Dr. Duffus said the State’s local health departments have well-trained staff who utilize the principles of contact tracing on a daily basis in their work. They use it in tracing HIV infections, syphilis, and tuberculosis. “This makes the local health departments the ideal core essential partner to serve as a hub of our activity in Illinois.”
He said the local health departments will work with community health centers, and the State will act as the umbrella to ensure consistency.
Dr. Duffus said workers will be hired from around the State, and they are using an estimate that 30 workers will be needed for every 100,000 people in the State, which means 3,810 people to carry out the program. He said this number will vary over time.
“The core personnel for contact tracing efforts lies in three cadres,” said Dr. Duffus. “First, case investigators. These are the individuals who reach out to people who get positive test results. Second, contact tracers. They will call individuals who have been in close contact with a diagnosed case and ensure adherence to protocol, follow-up as necessary. The third cadre are resource coordinators, and these resource coordinators provide individuals quarantined or in isolation with reasonable relevant resources and support to facilitate compliance with our orders, so food, medication, alternate housing for example.”

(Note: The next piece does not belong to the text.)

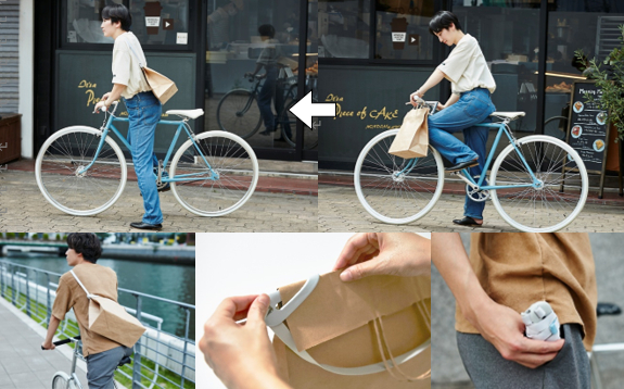 自転車で買い物に行って荷物が増えると、カゴがついていない場合はハンドルにかけることになりますが、車輪への巻き込みで転倒があったり、ペダルを漕ぐ度に荷物が膝にあたる、ハンドルが切りづらくなるなど、不便に感じる点が多いです。また、荷物が増えたときを想定してリュックにするなど、カバン選びにも制限が出てしまいます。そんな悩みを解決したいと新たに開発したのが、「ショルダークリップ」です。使い方も形状もなるべくシンプルに、紙袋がファッションアイテムになるようなデザインを目指しました。最小限のパーツ構成で、着脱時の操作を極力省けるよう検証を繰り返し、ポケットに収まるサイズ感と操作性を実現しました。

Dr. Duffus said they will start out with 300 workers, strategically placed in the regions that are most impacted. In addition by using technology as a first contact with individuals, the number of workers needed will be fewer. “We plan to implement a virtual Call Center, which will enhance efficiencies and only the most hard to reach individuals will actually require a visit.”
Dr. Duffus said they would like to start by the end of the month.
Gov. Pritzker said the cost would be about twice what Massachusetts has budgeted, or “somewhere in the neighborhood of $80 million.”
*Ashish Jha, MD, MPH, the Faculty Director of the Harvard Global Health Institute, and two colleagues conclude in an April 18 article “Why we need at least 500,000 tests per day to open the economy – and stay open,” that on a nationwide basis at least 500,000 tests a day are needed to succeed with the opening of the economy and to stay open. They add that number “is probably too low” and “we likely need many more.” Link: https://globalepidemics.org/2020/04/18/why-we-need-500000-tests-per-day-to-open-the-economy-and-stay-open/?referringSource=articleShare
That is about triple the number being administered now, and it would require about 150 tests per day per 100,000 people.
** Other researchers put the number much higher. A report, “Roadmap to Pandemic Resilience,” published by the Edmond J. Safra Center for Ethics at Harvard University, recommends massive scale testing for COVID-19, together with supported isolation as the path to open up the nation’s economy. The report, updated on April 20, has 23 authors, with expertise in many different disciplines.
The Safra Center report says, “We need to deliver 5 million tests per day by early June to deliver a safe social reopening. This number will need to increase over time (ideally by late July) to 20 million a day to fully remobilize the economy.” Link: https://ethics.harvard.edu/files/center-for-ethics/files/roadmaptopandemicresilience_updated_4.20.20_0.pdf
*** See article cited above by Ashish Jha.